Learning to take better photos – Part 1


My backstory:  It began in the 1970’s for me as a young boy watching my father take photos of all the significant events in my life: birthdays and Christmas day.  But with the cost of film only a few photos were collected of my formative years.  Every image tells a story though.  A little while later my dad began to collect SLR camera and his primary one was the Canon AE-1. He would carry this camera with him, along with a 70-300 mm zoom lens on backpacking trips (the camera body and 55mm lens alone weighed 590 g).  I marveled at the images of the backcountry he would return with.  Waiting with anticipation for the film to be process and a stack of prints to be delivered to the photo shop in the mall, photos were a marvelous way to tell and supplement the stories my dad would share about his adventures.  During high school I took graphic arts where we would roll our own film into canisters, head out into the school and take photos of objects and people at various settings, to return to the lab and enter the dark room.  What a magical experience to see the light capture on the film show up in the dark.   Then began the printing of these black and whites.  None of my photos were contest worthy, but I was really impressed by my ability to capture an image in a way that other wouldn’t see.
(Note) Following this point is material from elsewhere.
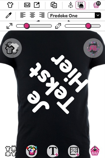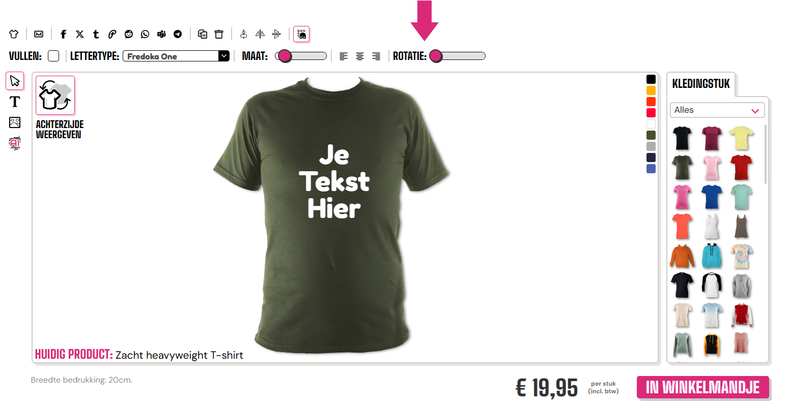 Om een afbeelding of tekst te roteren, gebruik je de 'rotatie' schuifbalk rechtsboven in de ontwerper.

I have had a number of 35 mm film cameras since graduating high school.  Nothing in the SLR world as that was too expensive for me, but the point and shoot small cameras.  One of my goals then as it is now is to capture the sights of the places I would go.  My Nikon did not weigh much in comparison to dad’s Canon AE-1, but did have a small zoom lens built in.  On a weekend it was common for me to use a whole roll (36 exposures) on one outing or even for a day trip.  Fortunately my dad worked at London Drugs so I could justify processing film as he was able to get me a discount on it.  But still I had to consider my film economy.  Having little formal training I forged ahead trying to take panoramic pictures of mountain vistas by taking a series of images, then physically taping them together for display in my bedroom.

Years later after I was married, we bought our first digital camera.  How fantastic that you could see the newly captured image on the little screen on the back!  Do I need to take another as no one was smiling.  It was hard to tell on the little screen but a vast improvement over the 35mm counterpart I had just given up.  Some will now argue the benefits of analogue film over digital, and each has it’s place.  Today, I know of no one using analogue film, but remember it is 2016.  The digital camera was a great little device which could interface with a computer to download the images which were then sharable on a memory stick or through social media.  For me it when I joined Facebook in 2007 that digital photography began to have more meaning for me.  A picture is worth a thousand words.  Not long after I acquired my first smartphone with a camera.  What a cool little device but I couldn’t take very good  pictures with it, so I carried on using the stand alone device.  It was okay, until one day my camera was stolen from my truck.  Thus endeth a dedicated device.  From that point on I used my iPhone 3 and 4s for everyday family pics and capturing the scenery of our outings.  To the river for salmon fishing and hiking and kids in the backyard playing.  And the images started to get better once I accepted what my little 3mm focal length digital camera embedded in my iPhone could only do.  Then I would watch my friend Jeremy take pics with his similar device.  His pics were amazing.  What was his trick?  He is a very capable 35 mm and digital photographer.  So I would hangout with him and watch how he would use his camera and also photo editing software builtin to the iPhone and on his computer.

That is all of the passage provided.